### WHAT TO DO
Restate each line of the listing exactly, without carrying over any pictures.

### MATERIAL PROVIDED
----------------------------------------

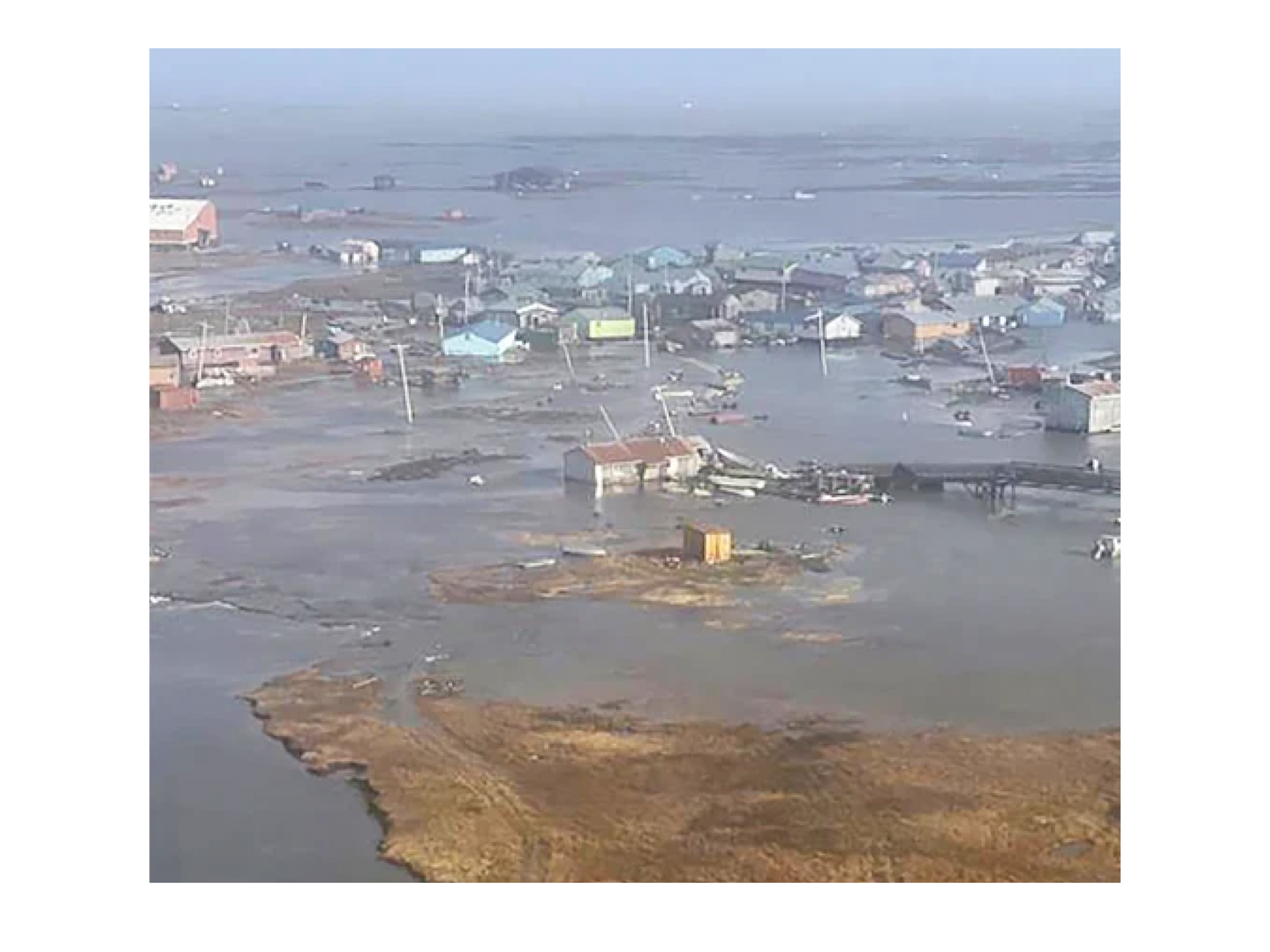 On October 12, 2025, climate change induced Typhoon Halong hit the west coast of Alaska, with major damage in the communities of Kipnuk, Kwigillingok, and Napakiak. These communities are remote and isolated, with no roads in or out. Halong brought devasting winds and flooding, which caused homes to float away and completely wiped out the communities’ infrastructure. Kipnuk and Kwigillingnok had to evacuate, which meant waiting for military planes to take them to another small community of Bethel and then many travelled on to Anchorage, bringing with them only what they could carry and forcing them to say goodbye to the communities they call home.
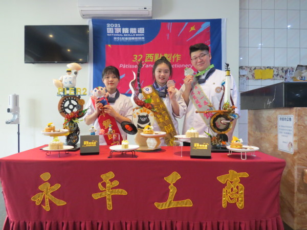 今年第51屆全國技能競賽,本屆競賽主軸設定為「好膽來技較!」,期待選手以技能相互較量、勇於以專業技能較勁挑戰。因應疫情關係,採全國分地、各職類分流擇期辦理。永平工商餐飲科參與本次全國技能競賽榮獲佳績,西點製作職類更是繳出所有選手獲獎全壘打的好成績,分別榮獲全國第二名、第三名及第五名,打破紀錄、大獲全勝;餐飲服務青年組榮獲全國第二名,完成全國賽二連霸,餐飲服務青少年組也榮獲全國第四名的好成績。
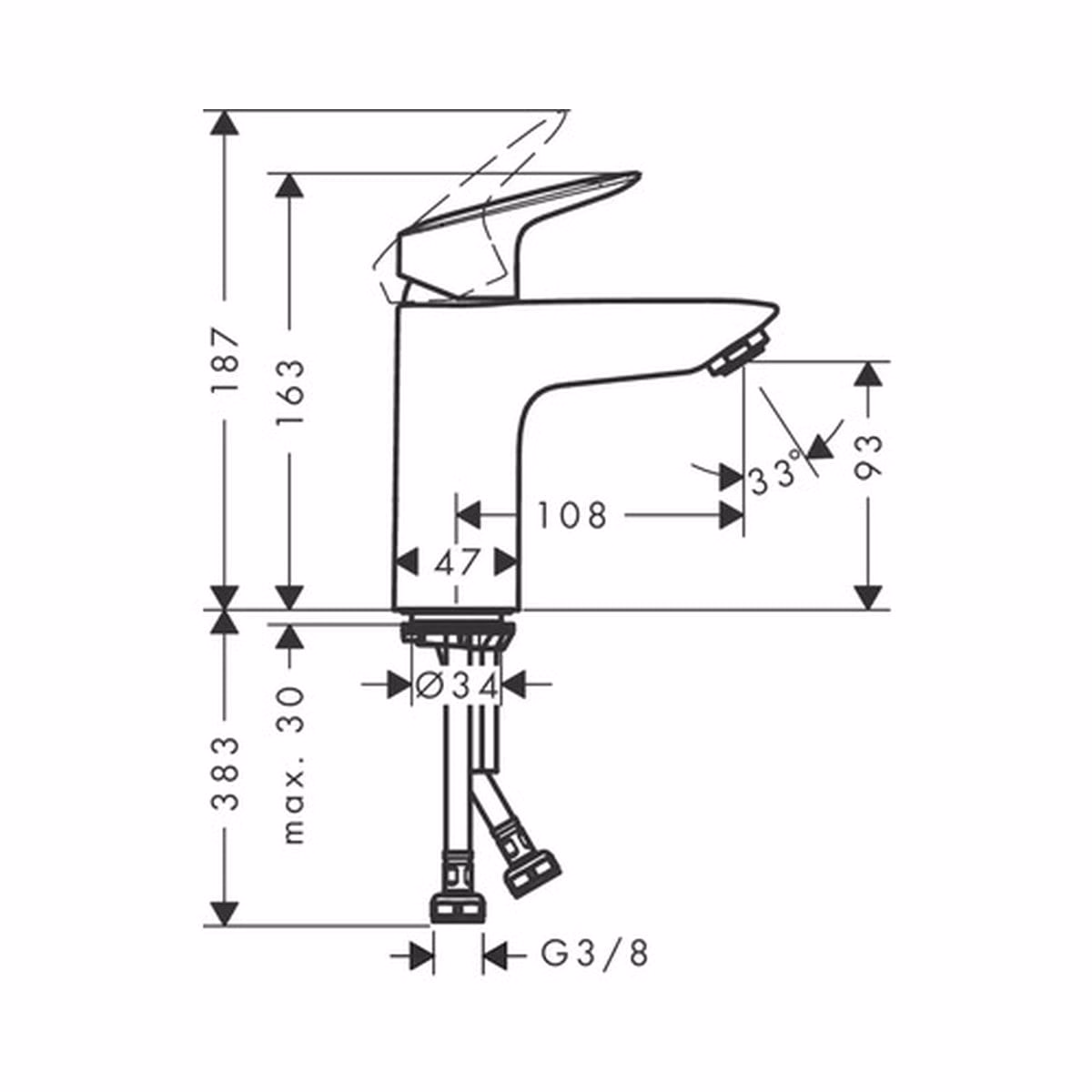 Specificații baterie lavoar monocomandă hansgrohe logis

----------------------------------------

### TASK OUTPUT
 On October 12, 2025, climate change induced Typhoon Halong hit the west coast of Alaska, with major damage in the communities of Kipnuk, Kwigillingok, and Napakiak. These communities are remote and isolated, with no roads in or out. Halong brought devasting winds and flooding, which caused homes to float away and completely wiped out the communities’ infrastructure. Kipnuk and Kwigillingnok had to evacuate, which meant waiting for military planes to take them to another small community of Bethel and then many travelled on to Anchorage, bringing with them only what they could carry and forcing them to say goodbye to the communities they call home.
 今年第51屆全國技能競賽,本屆競賽主軸設定為「好膽來技較!」,期待選手以技能相互較量、勇於以專業技能較勁挑戰。因應疫情關係,採全國分地、各職類分流擇期辦理。永平工商餐飲科參與本次全國技能競賽榮獲佳績,西點製作職類更是繳出所有選手獲獎全壘打的好成績,分別榮獲全國第二名、第三名及第五名,打破紀錄、大獲全勝;餐飲服務青年組榮獲全國第二名,完成全國賽二連霸,餐飲服務青少年組也榮獲全國第四名的好成績。
 Specificații baterie lavoar monocomandă hansgrohe logis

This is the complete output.